Double-Loop Feedback
In traditional industrial activity, "quality control" and "zero defects" were the watchwords. In order to shield the customer from receiving poor quality products, aggressive efforts were focused on inspection and testing at the end of the production line. The problem with this approach -- as pointed out by Deming -- is that the true causes of defects could never be identified, and there would always be inefficiencies due to the rejection of defects. What Deming saw was that variation is created at every step in a production process, and the causes of variation need to be identified and fixed. If this can be done, then there is a way to reduce the defects and improve product quality indefinitely. To establish such a process, Deming emphasized that all business processes should be part of a system with feedback loops. The feedback data should be examined by managers to determine the causes of variation, what are the processes with significant problems, and then they can focus attention on fixing that subset of processes.

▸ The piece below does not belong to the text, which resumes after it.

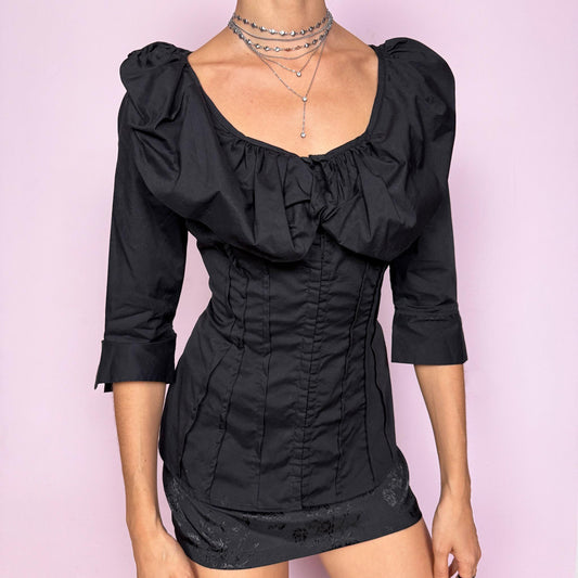 Vintage Y2K Black Ruffle Fitted Pleated Blouse – Size L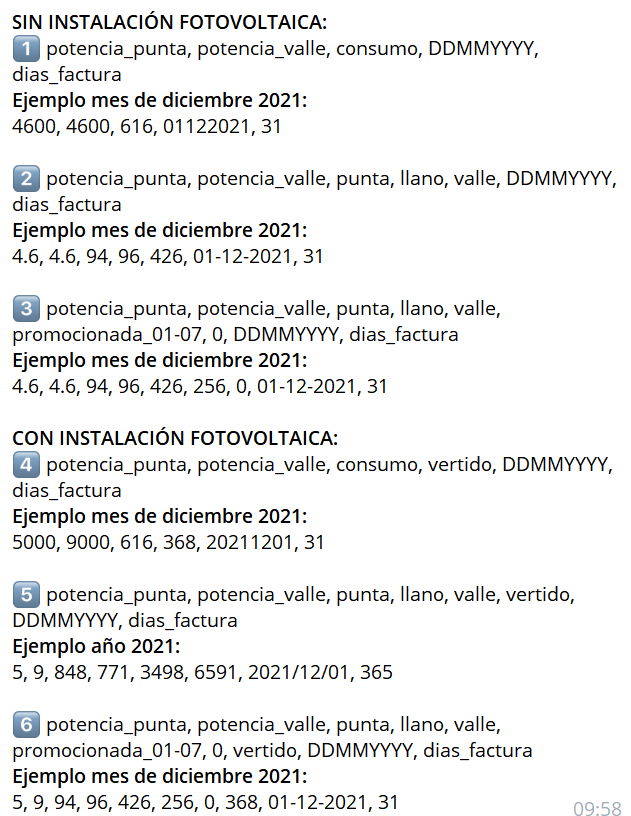 potencia punta, potencia valle, consumo punta, consumo llano, consumo valle, vertido total, DDMMYYYY, dias_factura

The balanced scorecard incorporates feedback around internal business process outputs, as in TQM, but also adds a feedback loop around the outcomes of business strategies. This creates a "double-loop feedback" process in the balanced scorecard.
Outcome Metrics
You can't improve what you can't measure. So metrics must be developed based on the priorities of the strategic plan, which provides the key business drivers and criteria for metrics that managers most desire to watch. Processes are then designed to collect information relevant to these metrics and reduce it to numerical form for storage, display, and analysis. Decision makers examine the outcomes of various measured processes and strategies and track the results to guide the company and provide feedback.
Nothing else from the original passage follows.